_What the exercise asks_
Please transcribe only the lines between the one containing "送國譽替芯1本 日本KOKUYO國譽 活頁本" and the end of the records, both ends included, exactly as written; skip every picture.

_Dataset excerpts_
==========
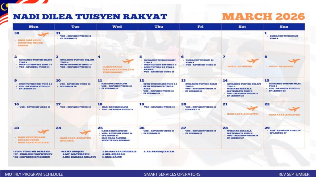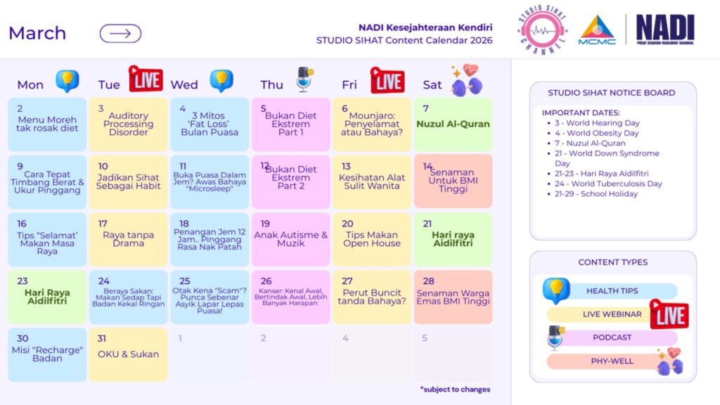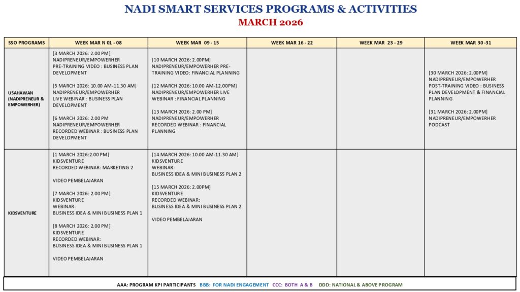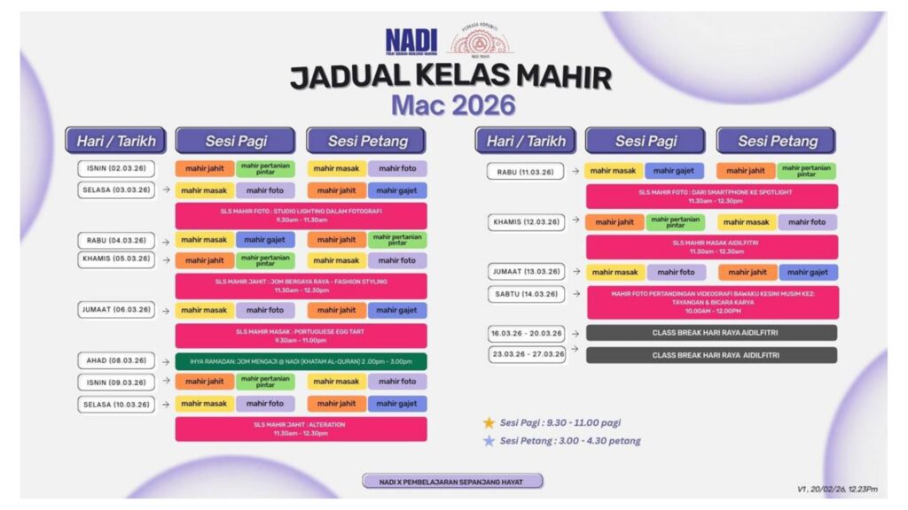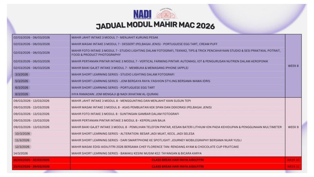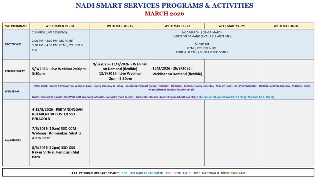 JADUAL AKTIVITI NADI SERDANG BULAN MAC
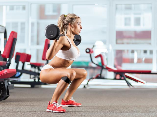 Обои Спортивная девушка поднимает штангу в спортзале
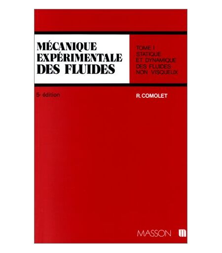Raymond Comolet Mécanique Expérimentale Des Fluides. Vol. 1. Statique Et Dynamique Des Fluides Non Visqueux
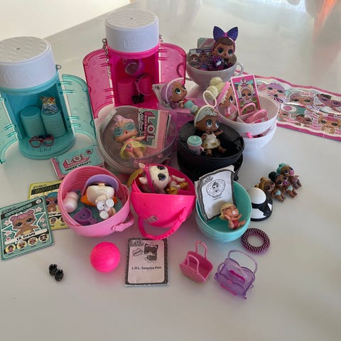 L.O.L. Surprise leikkisetti sisältää useita pieniä nukkeja ja erilaisia tarvikkeita. Mukana on muun muassa nukkeja, vauvanukke, pieniä eläinhahmoja, päähineitä, aurinkolaseja, pantoja, koruja ja muita leikkivarusteita. Setti soveltuu lasten mielikuvitusleikkeihin ja roolileikkeihin. Osat ovat pieniä, joten tuote ei sovellu kaikkein pienimmille lapsille.
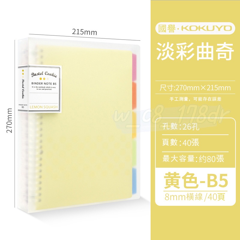 送國譽替芯1本 日本KOKUYO國譽 活頁本 淡彩曲奇筆記本 記事本 可拆卸 扣環外殼 A5活頁夾B5活頁夾
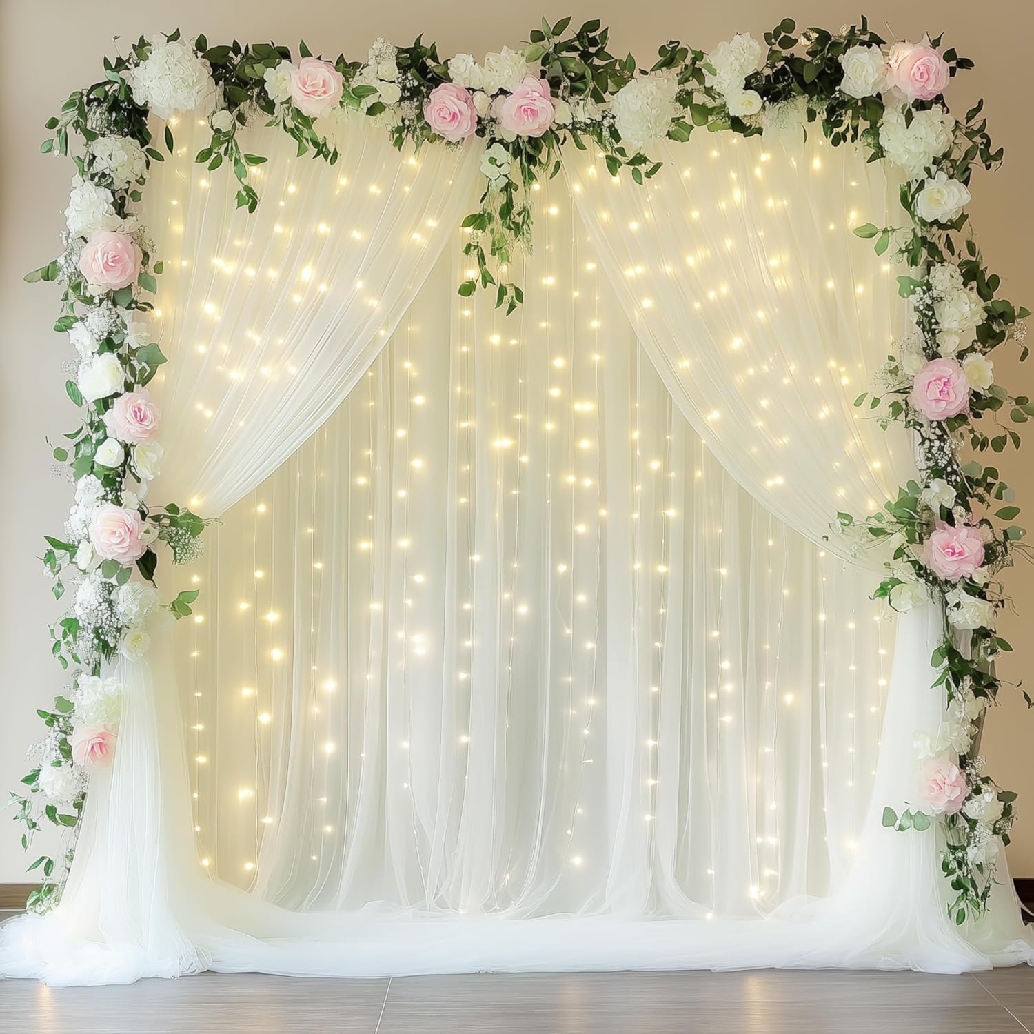 - Multiple Use: The sheer curtains with lights string is well-integrated. Fomcet tulle backdrop curtain with lights can be used for really any occasion such as birthday party, baby shower, receptions, graduations, bridal showers, wedding backdrops for reception, photo booth backdrops decorations.
==========
_Finished task_
 送國譽替芯1本 日本KOKUYO國譽 活頁本 淡彩曲奇筆記本 記事本 可拆卸 扣環外殼 A5活頁夾B5活頁夾
 - Multiple Use: The sheer curtains with lights string is well-integrated. Fomcet tulle backdrop curtain with lights can be used for really any occasion such as birthday party, baby shower, receptions, graduations, bridal showers, wedding backdrops for reception, photo booth backdrops decorations.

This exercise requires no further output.